I have lost the ability to write. I don't know what to say. I don't comment on any of your blogs and the guilt is getting to me. Sorry.
So here is a proper update:
Today my food intake has been non existent so far: I had a smoothie for breakfast and a smoothie for lunch. I told my parents that I had a Mcdonalds when I went shopping so I only have to have a small dinner, then off to the gym to purge and work out. What a fun day!
On fantastic news: Everything is going well with the boyfriend. He's fantastic :) :)
Shopping today was utterly miserable, I had a massive row with my parents before and stormed out. I tried on like 100000 dresses and they all looked terrible. My body looks huge at the moment, in the mirror it looked like it had been stretched, it's gross. Then I went off to the clinic, I get the results in 2 weeks..eek!
I'm trying to keep myself busy at the moment so I don't have too much time to think.
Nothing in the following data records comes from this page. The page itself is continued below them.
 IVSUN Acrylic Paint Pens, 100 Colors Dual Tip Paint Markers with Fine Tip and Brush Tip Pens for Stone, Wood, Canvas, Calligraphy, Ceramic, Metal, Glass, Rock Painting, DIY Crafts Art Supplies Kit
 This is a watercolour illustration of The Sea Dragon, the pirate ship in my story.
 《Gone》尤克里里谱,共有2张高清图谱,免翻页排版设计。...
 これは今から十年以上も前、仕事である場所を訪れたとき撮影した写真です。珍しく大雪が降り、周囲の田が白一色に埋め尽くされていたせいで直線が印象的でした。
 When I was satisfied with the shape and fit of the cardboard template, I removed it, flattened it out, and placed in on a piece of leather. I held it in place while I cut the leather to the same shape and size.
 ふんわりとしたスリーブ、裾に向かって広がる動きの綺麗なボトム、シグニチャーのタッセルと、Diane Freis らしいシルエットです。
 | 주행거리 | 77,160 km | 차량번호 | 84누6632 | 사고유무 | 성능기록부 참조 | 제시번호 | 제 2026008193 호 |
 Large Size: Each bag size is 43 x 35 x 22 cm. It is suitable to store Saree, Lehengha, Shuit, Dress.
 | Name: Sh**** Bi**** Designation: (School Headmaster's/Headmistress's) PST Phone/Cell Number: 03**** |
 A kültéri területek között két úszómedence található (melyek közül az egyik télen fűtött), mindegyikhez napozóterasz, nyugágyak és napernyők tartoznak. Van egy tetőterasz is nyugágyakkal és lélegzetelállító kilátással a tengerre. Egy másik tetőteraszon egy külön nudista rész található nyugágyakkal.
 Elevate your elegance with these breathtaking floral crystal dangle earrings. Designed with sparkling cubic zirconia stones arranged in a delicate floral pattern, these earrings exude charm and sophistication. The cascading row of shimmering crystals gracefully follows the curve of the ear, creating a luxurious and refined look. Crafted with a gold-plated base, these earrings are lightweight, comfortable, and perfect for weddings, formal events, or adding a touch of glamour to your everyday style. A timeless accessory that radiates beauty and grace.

Tomorrow I have a big family birthday and everyone is coming round, so the smiling mask will be on. After that I'm having coffee with my mentor, thank God, I need to speak to someone. (I'm falling to pieces, a second ago I thought I was going to burst into tears, then started laughing, then got really angry....what|??!??!) Anyway, got a few parties and nights out coming up, along with lots of gym time.
I'm coming up to a very scary week next week. I go away on my annual camp with church. Last year I ate 1 rhyvita a day and fainted and kept having panic attacks. Being back there is going to be challenging. My mind is already in the "starve for a week" mindset.
This post was very here and there, sorry.
Thank you so much for the comments, I'm so sorry that I'm not replying, I'll try harder.